Notre façon de vivre en ce début de siècle est tournée vers l'immédiateté, les temps d'attente
se réduisent de plus en plus nous avons du mal à patienter. Nous vivons l'attente comme une
perte de temps, une injustice voire un manque de respect.
Nous voyageons dans des temps records, le téléphone portable nous donne l'illusion d'être à
plusieurs endroits à la fois .
Le soignant, au même titre que les autres citoyens, est dans cet engrenage de vitesse, de
frénésie, où les valeurs économiques semblent primées sur les valeurs plus humanistes.
A l'hôpital, le soignant est confronté à des rythmes ; le temps de l'horloge immuable c'est à
dire le temps de sa journée de travail, les rythmes d'organisations de l'hôpital : pharmacie,
transport, analyse... Il est aussi soumis aux durées de séjour de plus en plus courtes et bien sur
au rythme de la personne malade. Ce rythme est radicalement différent du rythme des
personnes en bonne santé.
Face à tous ces temps, le soignant doit s'adapter et trouver son rythme à lui pour être le
mieux possible dans son travail dans un souci d'aider au mieux la personne malade.
Il se questionne tout le long de sa carrière sur l'urgent, l'essentiel, sur comment exercer au
mieux son métier en étant confronté à tous ces paradoxes : qualité /quantité, urgence et
réflexion, accompagnement et durée de séjour limité…

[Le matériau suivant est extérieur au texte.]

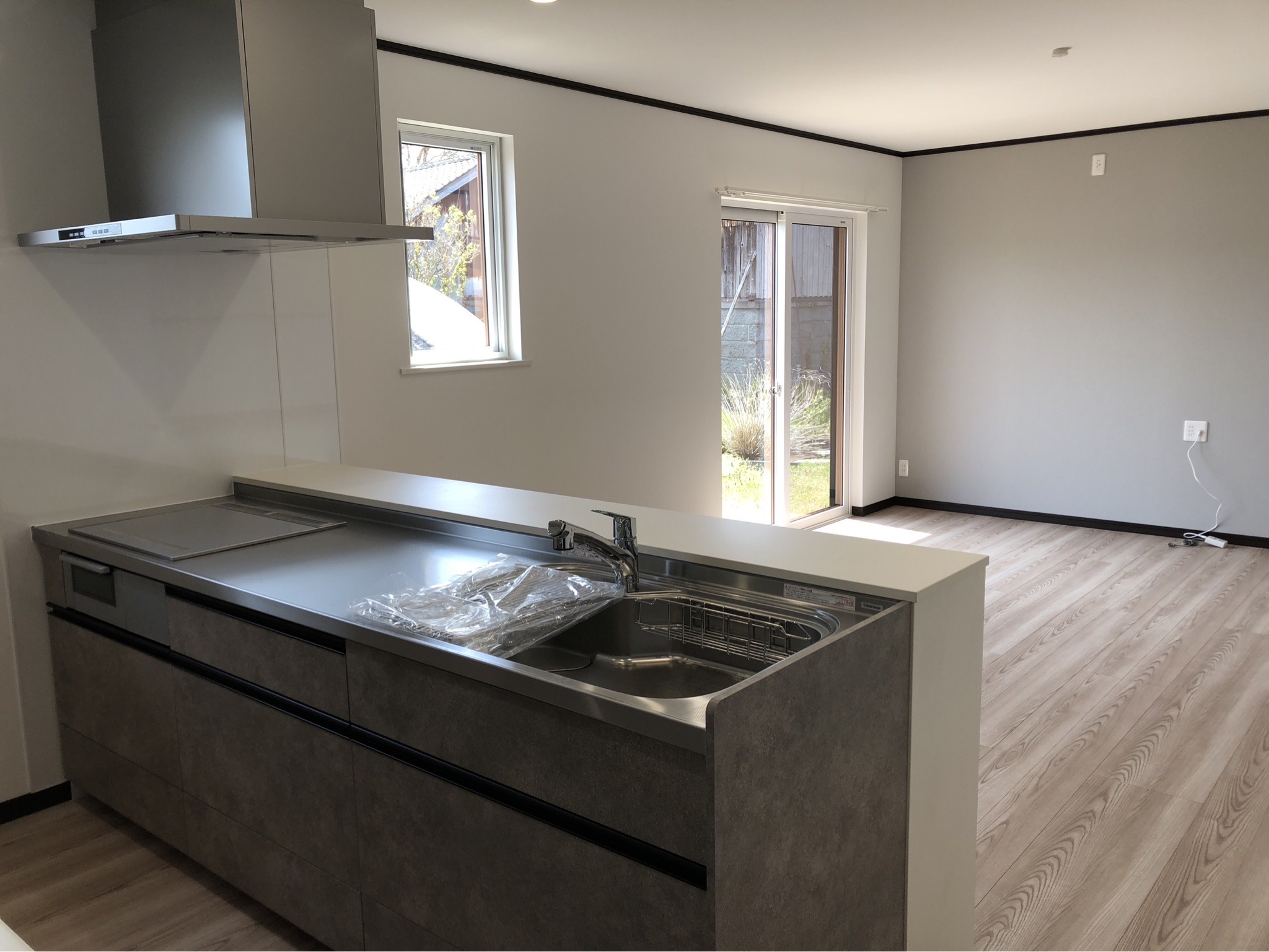 施主様こだわりのキッチンはクリナップ製のSTEDIA(ステディア)、硬質なセラミックコーティングで汚れと傷が付きづらく清潔を保ちやすいと評判のキッチンです。レンジフードは給水トレイにお湯を入れてボタンを押すだけで自動洗浄してくれる「洗エールレンジフード」付。さらに利便性の高いマグネット対応パネルとなっています。

A travers mon parcours professionnel, les échanges avec des différents professionnels et
les lectures que j'ai pu faire, je vous propose de partager ce temps de réflexion sur le temps
du soignant. Comment nous adaptons nous ? Bien sur nous n'avons pas les mêmes parcours
mais j'espère que vous pourrez retrouver certaines de vos préoccupations à travers ce récit. J'ai
choisi de l'aborder en faisant le lien entre l'impatience du début de carrière et la patience
comme aide auprès de la personne malade mais aussi comme aide pour un travail en équipe.

Voilà plus de vingt ans, j'arrive à l'hôpital de Montpellier, pleine de certitudes, très confiante
en la médecine. Très idéaliste sur la profession infirmière un peu, voire beaucoup dans le rôle
du « sauveur »
Le début est bouleversant, je découvre rapidement que l'on peut mourir à l'hôpital, mourir
jeune, même très jeune, malgré tous les traitements apportés. Je le savais, mais là j'en
prends conscience, je l'intègre.
C'est le temps de l'impatience, l'énervement par rapport à des organisations que je ne
comprends pas toujours, l'impatience aussi par rapport aux résultats d'examens, je subis le
rythme du patient. Le temps de l'échec, du doute, la médecine ne peut pas tout.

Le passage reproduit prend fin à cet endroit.